Spoiler alert for a 200 year old story you’ve heard a bunch of times already.

This is my first time reading this, after years of meaning to. I’m glad I finally did. I can tell why this story continues to be such a fascination; the core of that narrative is so compelling. The unintended consequences of unbridled ambition, the horror and devastation this creation brings, your sympathy for the monster—it’s all here.

That being said, from a modern lens, it does suffer from the ignominies of it’s time. The prose is ponderously florid in that Victorian manor, and there’s a brutalism to the text’s casual casting of morality with class. However, the differences with Frankenstein’s depiction in movies is what interested me most. There is no bubbling lab equipment, crazed mob or fear of fire, no real descriptions of the monster at all, save in the vaguest sense. All that was wonderfully invented for the screen by James Whale. What we do get is more interior, and less arresting.

The story is told in letters, and doubly so. We hear the tale from an arctic explorer writing his sister, who comes across doctor Frankenstein, who then tells him the story, which the explorer relates back to his sister. Since the story is just concerned with the explorer for the first couple chapters, I had to check that I downloaded the right book.
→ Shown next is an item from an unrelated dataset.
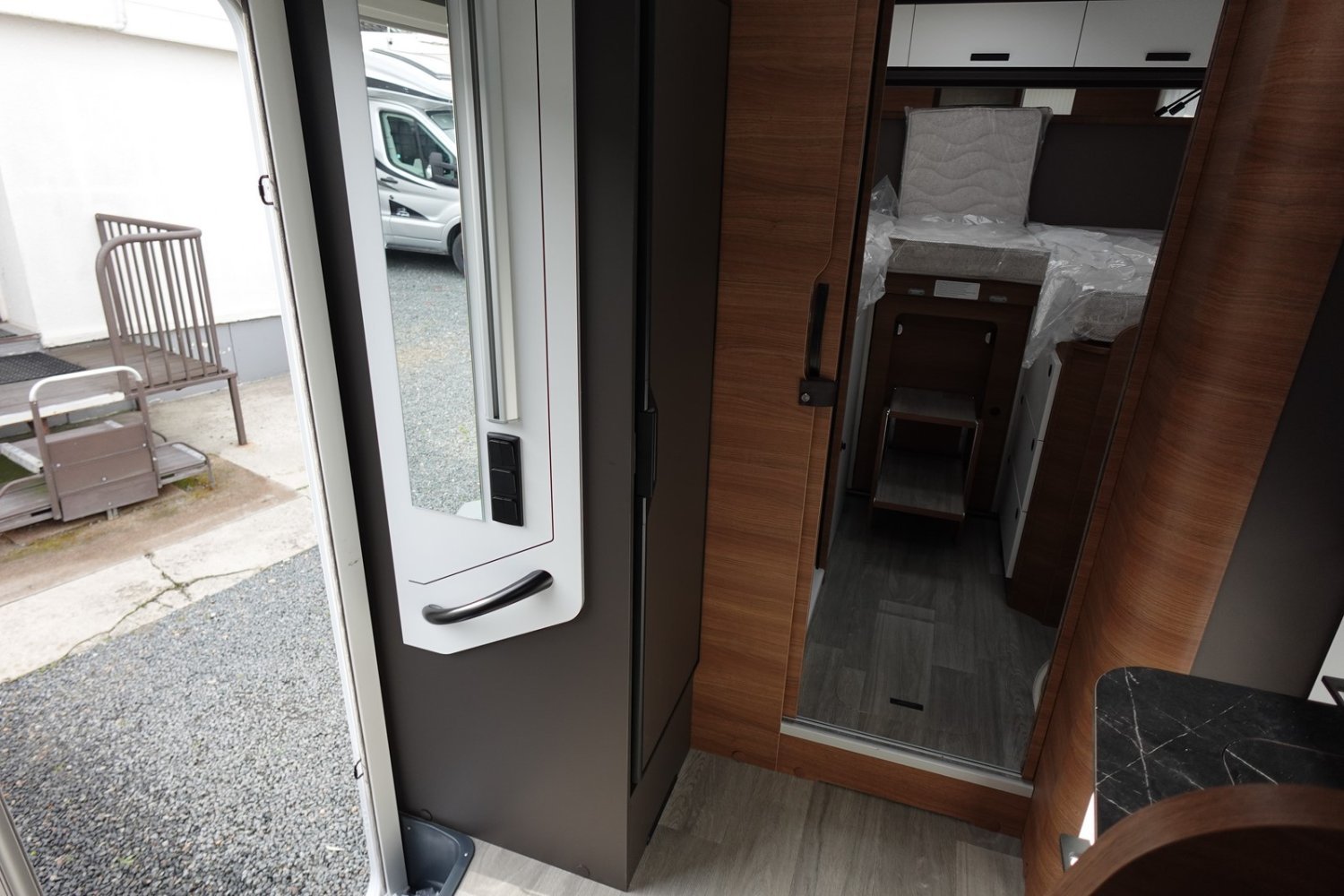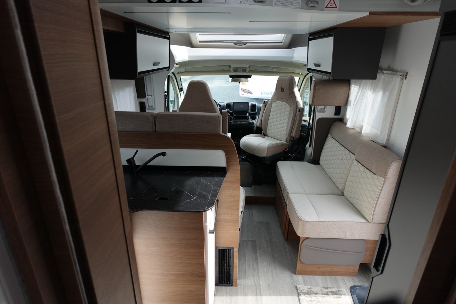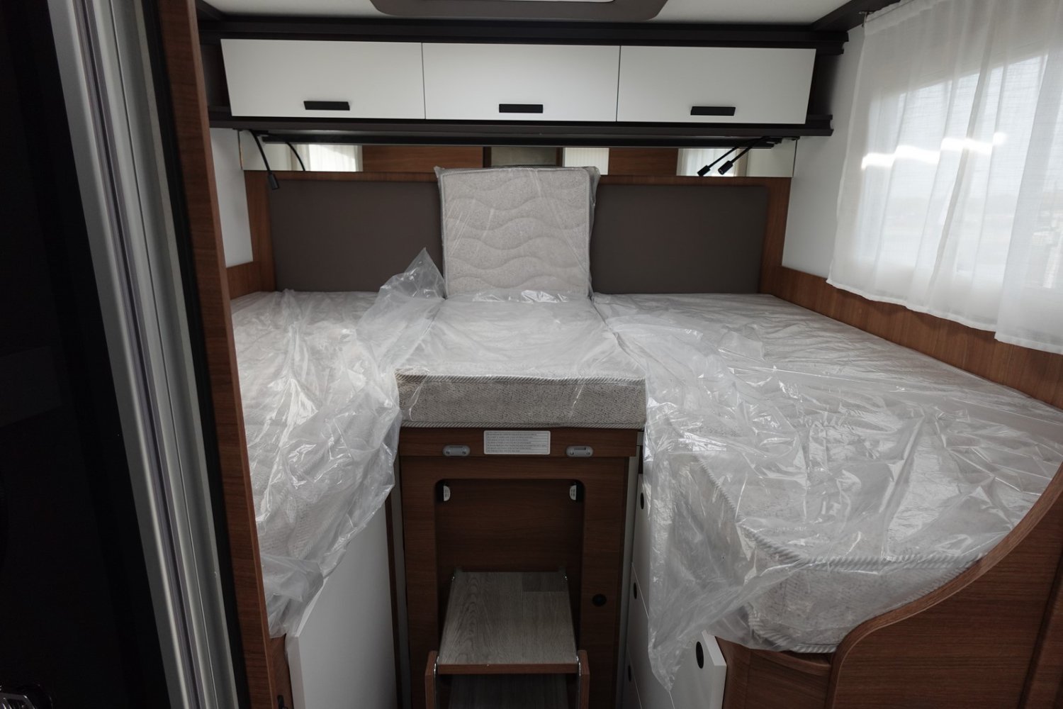 Magnifique profilé avec des lits jumeaux sur soute garage, une douche indépendante de l’espace WC, une cuisine avec de nombreux rangements, un lit de pavillon et un grand salon panoramique.
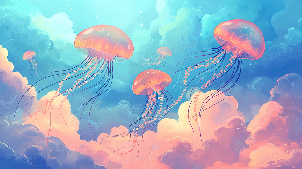 本作品内容为治愈系列奇妙梦幻空中飞翔的水母插画, 格式为 jpg, 大小3 MB, 图片尺寸为2912 x 1632, 源文件无水印, 欢迎使用熊猫办公。 如认为平台内容涉嫌侵权,可通过邮件:tousu@tukuppt.com提出书面通知,我们将及时处理。

Frankenstein himself is more of a emotional dishrag then a crazed scientist. We’re told he’s brilliant and sensitive, and that is well enough conveyed in the text. He spends maybe a third of the book collapsed with sickness at having created the monster, or thinking about what the monster might do, or feeling bad about what the monster did do. The monster is largely a shadow, only appearing a couple times to plead with Frankenstein to give him a Bride, or to murder his loved ones in vengeance, although the later always happens “off screen.”

The Bride request was a big difference. The monster is shunned by society, and by doctor Frankenstein, who immediately jumps in bed with terror for a few months after creating him. The monster tells Frankenstein he is miserable, and alternatingly begs and threatens the doctor to make him another like him that they may at least have companionship in their exile from humanity. Frankenstein agrees, given the threats to his loved ones, but then goes back on his word and does not complete the Bride. In revenge, the monster kills everyone Frankenstein loves, including his wife-to-be. If I can’t be happy, neither can you.

It’s fascinating, because Frankenstein promises to make the Bride, before feeling like it would be a curse on humanity to create her, a notion he stands by to his death. From my modern vantage point, this feels absurd. You already made one, he only fucks with you, and you agreed to do the second, so just make her! I was surprised by the direction, and while I bet the intent of the text is to sympathize with the non-creation, I found it more compelling as a indictment of Frankenstein’s selfishness, and that his act came back to haunt him a thousand fold.

All in all, I really enjoyed the book, but I’ll take a break from Victorian literature for a bit.

I read the Standard Ebook edition. If you end up reading any of their terrific copies, consider donating to their cause.